Heaven is for Real was published in November 2010 by Thomas Nelson and was on the New York Times Bestseller list.

Thursday, October 11, 2012

Star Girl by Jerry Spinelli


Stargirl by Jerry Spinelli is about a eccentric young girl named Stargirl Caraway who comes to Mica High School after being homeschooled all her life.  She is carefree, funny, and free spirited and immediately loved and liked by all. That is until the student body figures out how "different" she is and as we all know, different in high school is not always a good thing.  In Stargirl's case, it becomes a very bad thing as she is soon shunned and anyone who associates with her becomes shunned as well such as  a young man named Leo who finds himself in love with her.  Leo is torn between loving her the way she is and wanting her to be normal so that the two of them can fit in with everyone else.  He convinces her to act normal, which she does try to do, but it doesn't work.  The other students continue to treat her as invisible until .....
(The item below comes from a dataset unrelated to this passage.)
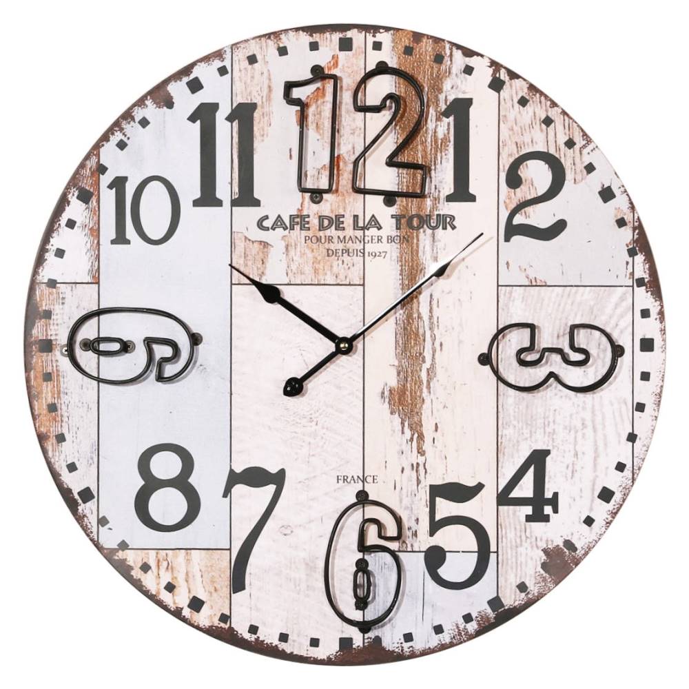 • Deze wandklok heeft een quartz uurwerk die functioneert op een meegeleverde kwaliteitsbatterij.
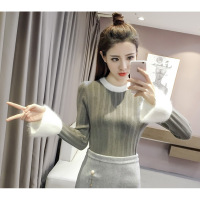 珂依舍2017秋装新款2017秋冬装新款韩版修身拼色套头毛衣女喇叭袖针织打底衫上衣

Well, you'll have to read the book to find out what happens in the end but I have to say, not being a huge fan of young adult or juvenile fiction, which I did not know this was until I was deep into the first chapter, this book is captivating and very well written.  I found myself unable to put it down and finished it within a day or so.  Fantastic for adults and children alike.  Read it then give it to your child to read.  I think we will all learn a thing or two from this novel.

Water For Elephants by Sara Gruen



Water for Elephants by Sara Gruen is interesting to me in that it falls into so many different book genres such as historical fiction, suspense, romance, and even perhaps a little on the dark side.

Jacob Jankowski is a veterinarian major in college when his parents are killed in an accident.  Left penniless, with only a few weeks left to finish school, he runs off and joins the circus, The Benzini Brothers Greatest Show on Earth.   He is hired on as head veterinarian (despite his failure to obtain his degree) and soon falls in love with Marlena, the beautiful equestrienne star who happens to be married to the boss.  When the show, which is set in the 1930's Depression era, begins to falter financially the boss buys an elephant named Rosie who brings the characters together in an unexpected way.

The characters are believable, whimsical, sometimes dark and you either love them or hate them.  I think my favorite character was Rosie the elephant who at first refuses to do anything the trainers tell her to do until Jacob discovers her secret.  The case of the animals as a whole is not unlike the feeling of how circus animals are portrayed today and I feel like that is a major influence in the book.

The book as a whole, toggles between the present and the past, not unlike Nicholas Sparks' The Notebook where the main character, in this case Jacob Jankowski who is either 90 or 93, is a nursing home resident remembering his past in one chapter then revealing the hardships of his present state in the next.

I found the book to be a fast paced, suspenseful novel that was well researched and written.  I enjoyed it very much and now I must see the movie.  The Redbox didn't have it though and it's no wonder since the movie came out in 2011.  I'm way behind in the times on this one.

Published in 2006 by Algonquin Books of Chapel Hill, Water for Elephants remained on the New York Times Bestseller list for six weeks, and was nominated for numerous awards including the illustrious Quill Award, the Entertainment Weekly Best Novel award, and won the BookBrowse award in 2007 for most popular book.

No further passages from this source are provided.